KENANGAN SATU JALAN
hay... maafkan saya yang telah lama menghilang. tapi, saya masih ingin berada di sini, kok. langsung saja ke cerita saya yang satu ini. oh iya, untuk seseorang disana yang merasa kenangannya saya pakai untuk cerita ini, mohon maaf sekaligus saya ucapin terimakasih banyak. haha. next, cekidot!
KENANGAN SATU JALAN
Selangkah
meninggalkan gerbang sekolah, setitik air hujan membasahi dahi ku. Kupandang
langit, ada awan hitam di sana. Mungkin sebentar lagi hujan akan turun.
Seperti
hari-hari biasanya, aku selalu sendiri dalam perjalanan pulang menuju rumah.
Itu membuatku selalu menikmati perjalanan dengan bermain bersama
kenangan-kenangan indah ku lima tahun yang lalu.
Waktu
itu, aku baru mendaftar di sekolah menengah pertama. Ditemani oleh Ibu, aku
mendatangi dan mengisi formulir yang disediakan. Dan tepat setelah itu, aku
bertemu seorang lelaki sebayaku. Seseorang yang tak ku sangka akan mewarnai
hari-hariku selanjutnya.
“Hai,
namaku Zidan,” sapanya.
“Aku
Erin.”
“Salam
kenal, Erin.”
Sejak
itu, aku akrab denganya. Tidak, tidak semudah itu. Kami sering bertengkar,
berbeda pendapat, atau bahkan saling merasa cemburu. Tapi tak satupun dari kami
yang mau mengambil satu langkah ke depan.
Aku
terus berjalan menyusuri trotoar di samping jalan raya. Puluhan kendaraan
bermotor telah melewati maupun berpapasan dengan ku. Seorang anak lelaki gendut
berhasil melewatiku. Terbukti bahwa aku lebih lambat daripada seorang bocah
gembul.
Aku
menyebrangi jalan, mampir kesebuah toko ATK. Membuka freezer, lalu mengambil sekotak susu UHT rasa coklat ukuran sedang.
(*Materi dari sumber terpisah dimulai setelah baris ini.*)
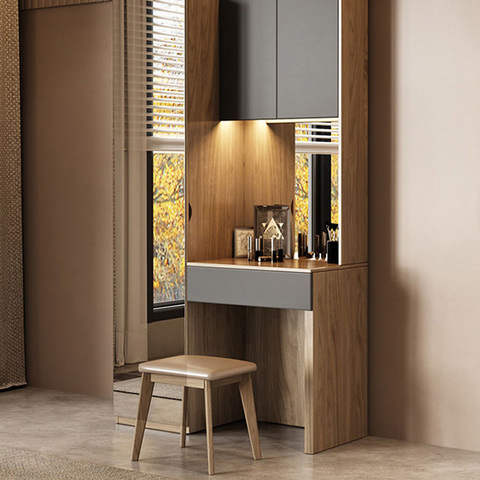 Nordico moderno semplice toletta in legno con specchio a figura intera e specchio per il trucco illuminato per lo stoccaggio della camera da letto e l'uso del guardaroba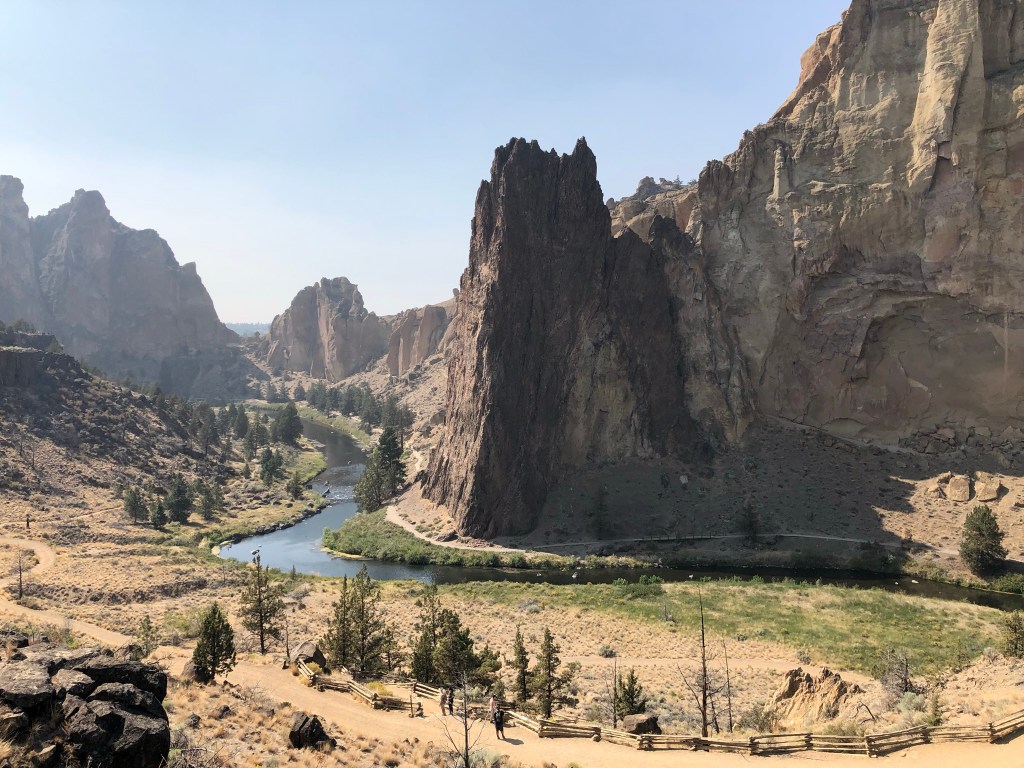 After a nap back at the hostel, I drove 35 minutes north to Smith Rock State Park, a highlight I was excited to see the more I read about it. While I really wanted to check out some of the difficult hikes, it was way too smoky for me now. I found myself wearing a mask even in car, because the smoke smell was coming in with AC. It was hot out now in the high desert, after a cooler morning, but not unbearable. I ended up parking near some incredible viewpoints and just walking back and forth a little, looking down at the brave, mask-less hikers and up at the awesome rocky formations. I really wanted to hike down, but I knew that what goes down must come up, and I was struggling enough walking around flat and getting out of breath. I’ll keep this one on my list to get back to one day! On my drive back I had the difficult job of finding gas, cutting it a little close. As I drove I decided I was grumpy about the smoke and wanted to leave early. So I cut my Bend stay a day short, got a much-appreciated refund from the hostel (who does that?? So nice!), and moved up my 3 night stay outside of Crater Lake to start the next day.
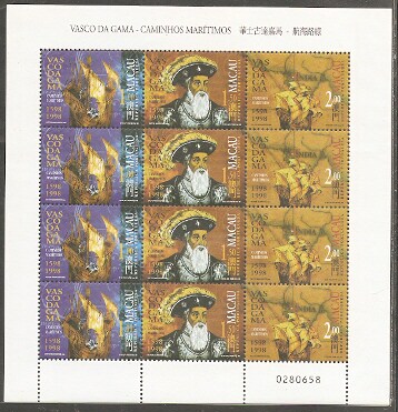 1998澳门邮票,华士古达伽马-航海路线(错版/1598),小版张。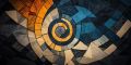Dynamic Spiral Mosaic Art in Vibrant Blue and Orange Hues

Entah kenapa aku ingin sekali menelan sesuatu berasa coklat. Setelah membayar,
aku menusuk bagian bulat berwarna abu-abu dengan sedotan, lalu menghisap susu
coklat itu. Setelah merasa lebih baik aku melanjutkan perjalanan ku.
Beberapa
titik air hujan mulai berjatuhan. Tapi, seakan tak peduli, aku tetap
melanjutkan perjalanan. Kembali aku mengingat kejadian itu—kejadian dengan
suasana yang sama.
Kala
itu, gerimis mulai turun di pagi hari. Aku pergi ke sekolah dengan sebuah
payung agar terlindung dari titik-titik air hujan ini. Di ujung jalan, aku
melihat siluet yang sangat ku kenal. Aku yakin, itu pasti Zidan.
“Zidan,”
panggilku.
Ia
menoleh, dan tersenyum begitu mendapati sosokku yang berlari menghampirinya.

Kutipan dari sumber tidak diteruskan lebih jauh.